In the title poem in the book, Lilley talks about an entertainment destination she worked at in the 70s on Oxford Street. The piece underscores the distance that might lie between anodyne myths about an idealised past and the more confronting realities that can sometimes reside beyond the borders policed by the daily newspapers.

But knowingly signalling approval for tropes that are familiar to subsections of the community is not necessarily the same thing as writing worthwhile poetry, although the two things may sometimes appear to share things in common. A poem is not an ad, although people who in past eras might have written and published poetry these days do work in the advertising industry. To be fully realised, poetry must flame up in the imagination at points, usually at the end of the piece, and convey new awareness the reader didn’t have before. In exchange for the cost of the book and the time spent reading it, a poet owes us at least insight, if not revelation or a guide to attaining some sort of transcendence. But Lilley’s poetry seems to concentrate on narrow concerns in a way that suggests they lie wholly within a space circumscribed by the outlines of her public persona, or her identity. There might have been more space set aside for the expression of the individual’s perception of things that come before the reader and the feelings they provoked.

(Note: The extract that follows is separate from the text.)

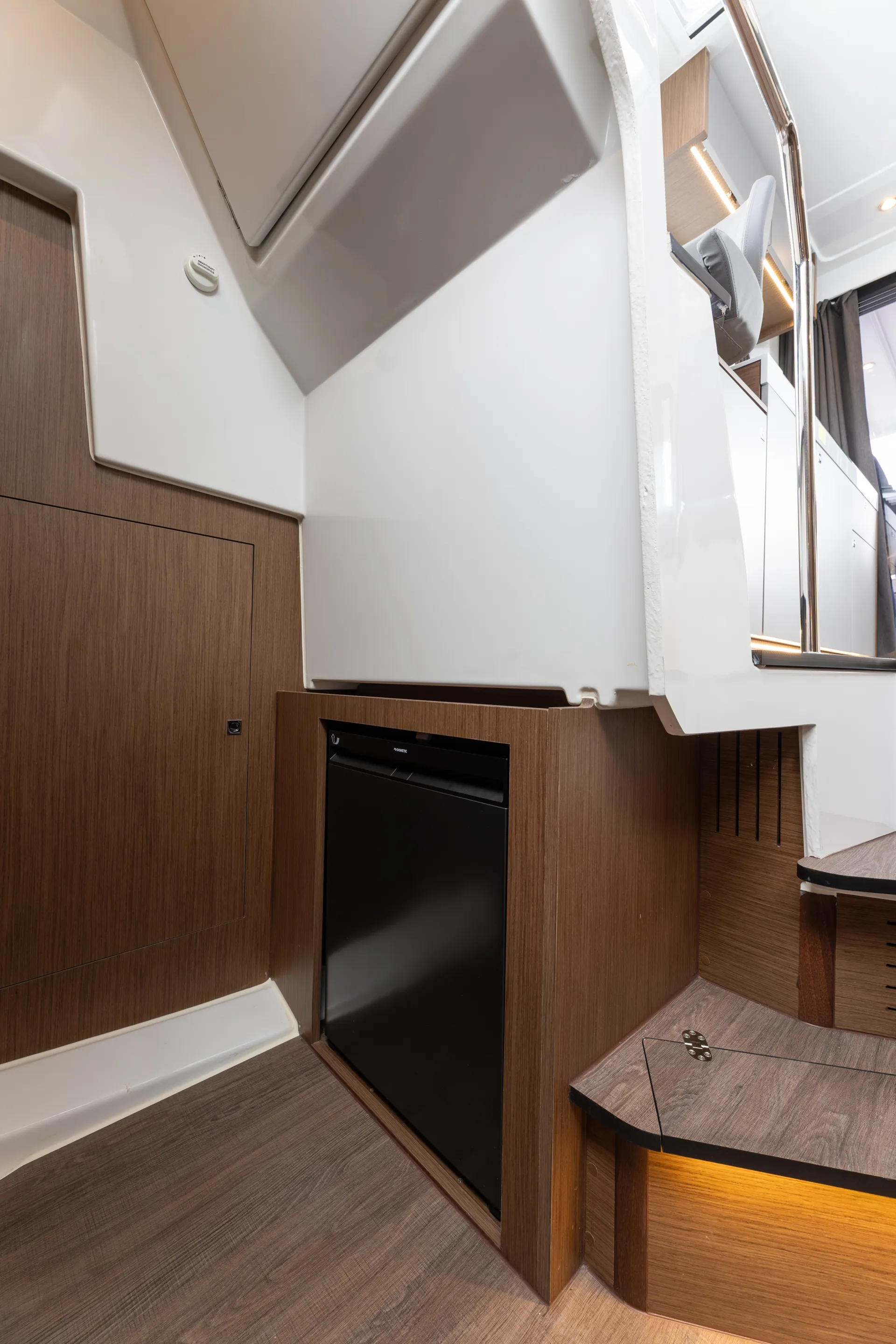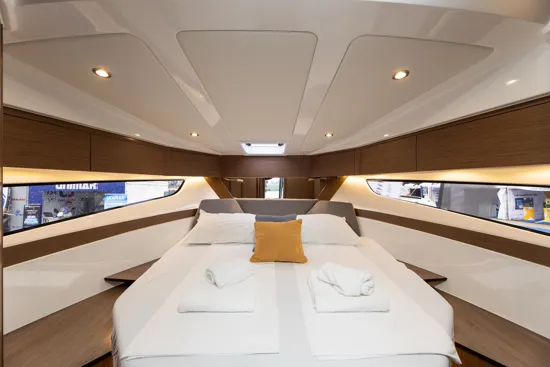 Brod je opremljen vrhunskom opremom, uključujući Comfort Trim paket, napredni elektronički paket, automatske trim tabove, joystick upravljanje i još mnogo toga.

The poetry here is sometimes predictable but rarely really edifying. Poetry has to be stimulating in a way that prose does not have to be. A poem without its own quotient of energy, without some fire, cannot honestly be said to be good.

I had many concerns about writing this review after I had read a number of the poems in the book, because Lilley chose one of my own poems to be included in Southerly, the literary magazine that her university publishes four times a year. That poem appeared in 2014. So I had qualms about writing a negative review of her book. But I had only last month written a blogpost about the incestuous Australian literary ecosystem, so I felt it incumbent on me to be completely open and honest in my dealings with this book, for the ultimate benefit of my readers.

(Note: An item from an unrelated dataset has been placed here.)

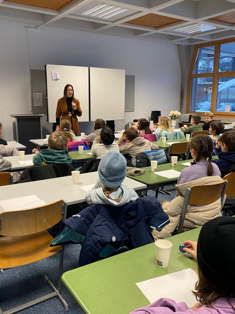 Zum ersten Mal durften die Kinder der 4. Klasse einen spannenden Tag im Bundesrealgymnasium Imst erleben. Begrüßt wurden sie herzlich von der Schulleiterin Prof. Mag. Daniela Leitner.
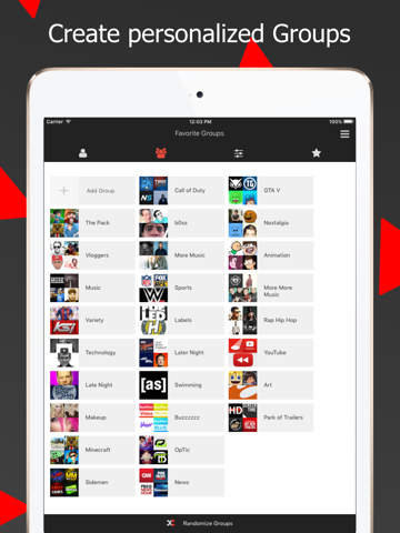 Have a few creators you absolutely love but cant decide which to watch from? With our Groups feature you can combine multiple channels into one group, name it whatever youd like, then shuffle between all of them. Think of it as your own personal TV stations.

If reviewers hold back their true opinions about work that is published and made available to the wider community, then people who live in it are deprived of valuable information that might help them to purchase work that is really worthy of their dollars and time. Pulling your punches might give a temporary fillip to a writer but ultimately doing so corrupts the entire literary ecosystem because then you are skewing it to favour people you know rather than people whose work truly deserves to be read and shared. Reviewers have the same responsibility to be truthful as the media does. Truth is morality. A biased newspaper is corrupting the political process and should be shunned. Biased reviewers should also take a long, hard look at themselves before writing their next piece for publication.